Анна с жадностью впилась взглядом в снимок, пытаясь зафиксировать каждую деталь: и глиняные миски с холодцом, и пышно украшенный виноградом каравай, и букет гладиолусов. За столом сидела невеста в венке, напоминающем сноп сена, дурно подстриженный жених с треугольной челкой и свидетели с широкими уродливыми лентами. Бегали дети, почему-то в школьной форме. Лихорадочно трясся бубен. Захар, выучивший кадр наизусть, смотрел в окно, а потом произнес странное:
– Я только сейчас до конца понимаю деда.
Опустил глаза, стесняясь проступившей сентиментальности, и заботливо укрыл Анины плечи:
– Иногда мне кажется, что люблю тебя по его поручению. Делаю то, что не удалось ему, и помаленьку успокаиваю душу.
За окном падал мелкий снег, будто попавший в вентиляторные лопасти. Испытывал на прочность провода и неприспособленные к тяжестям ветки. Примерзший к подоконнику лед хрустел карамелькой. Время приближалось к трем.
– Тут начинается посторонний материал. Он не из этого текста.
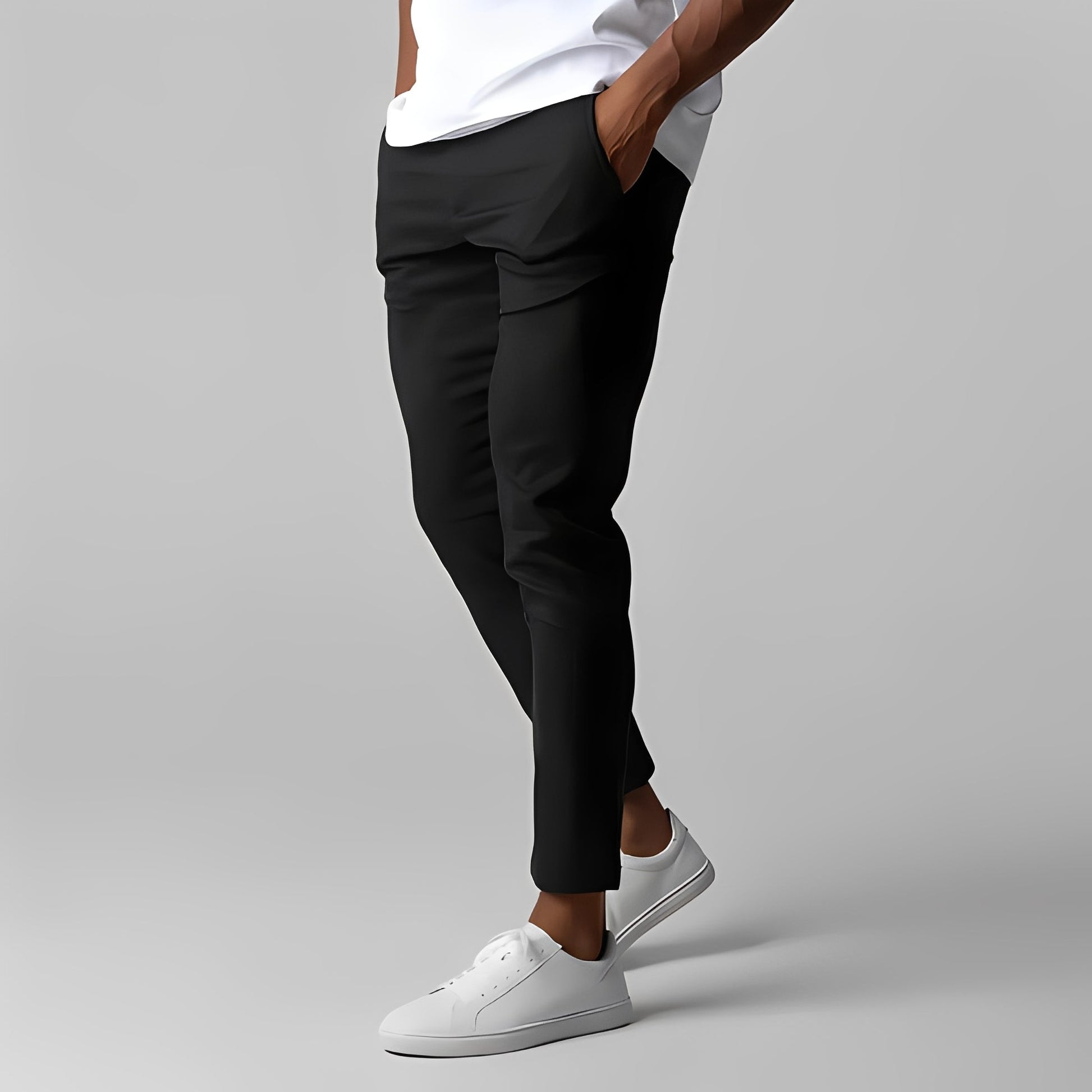 Entdecken Sie unsere ausgezeichnete Stretchhose Gwenaël, die idealen Tragekomfort, Flexibilität und einen modernen Stil vereint. Hergestellt aus einem weichen, dehnbaren Material, das sich Ihren Bewegungen anpasst, ist sie perfekt für die Arbeit im Büro und entspannte Wochenenden. Dank ihres einfachen und vielseitigen Designs passt sie zu jedem Outfit, von schicken Hemden und Sakkos bis zu lässigen T-Shirts und Turnschuhen. Sie ist langlebig und leicht und bietet ganztägigen Komfort, ohne auf Stil zu verzichten.

Они выпили чай, пропустили по маленькой рюмочке ликера и съели по бутерброду. Ложась в постель, обнялись и пожелали друг другу спокойной ночи. Неожиданно Захар подскочил, подбил подушку, бросил за спину и снова стал рассказывать:
– Ты знаешь, я кое-что вспомнил. Моя бабка постоянно называла твою ведьмой, а за несколько дней до смерти призналась, что не раз видела соседку с какой-то странной, не местной женщиной. Впервые это случилось еще в далеком сорок третьем, когда их вербовали в Германию. Она тогда оглянулась и не поверила глазам. Рядом с подружкой стояла дама в выпендрежном пальто. Бледная, как покойница. Мадам тянула Марию за локоть, что-то долго и затруднительно объясняла, а сама казалась эфемерной – не из плоти и крови, а из жидкого азота. При этом призрак, выглядевший дамой из высшего общества, размахивал по-настоящему рабочими руками, мозолистыми, опухшими, красными от стирок. Второй раз эта же мадам явилась, когда соседка собиралась топиться. Бабка Килина стояла у окна, спрятавшись за занавеску. Понимала, с какой целью та идет к пруду и тащит за собой детей, но решила не встревать, а дать возможность довести начатое до конца. Ведь у человека, принявшего решение покончить с жизнью, меняется все: взгляд, походка, разговор. Некоторое время Мария повторяла по поводу и без одну и ту же фразу: «Я так больше не могу». Она изменилась внешне, и ее всегда круглое лицо вытянулось и посветлело. В окнах бесконечно мерцал свет, а раз женщина делает домашние дела по ночам, она стопудово ведьма, привлекающая в помощники нечистую силу. Так вот, Мария посадила на берегу детей и зашла в воду по пояс. В этот момент к ней присоединилась та же дама, что была на улице Артема, 24. Обняла, нашептала что-то на ухо и на темные воды пруда, перекрестилась слева направо пятью пальцами, указала куда-то юго-восточнее, и несостоявшаяся утопленница мигом оказалась на берегу. Подхватила детей, и только пятки засверкали.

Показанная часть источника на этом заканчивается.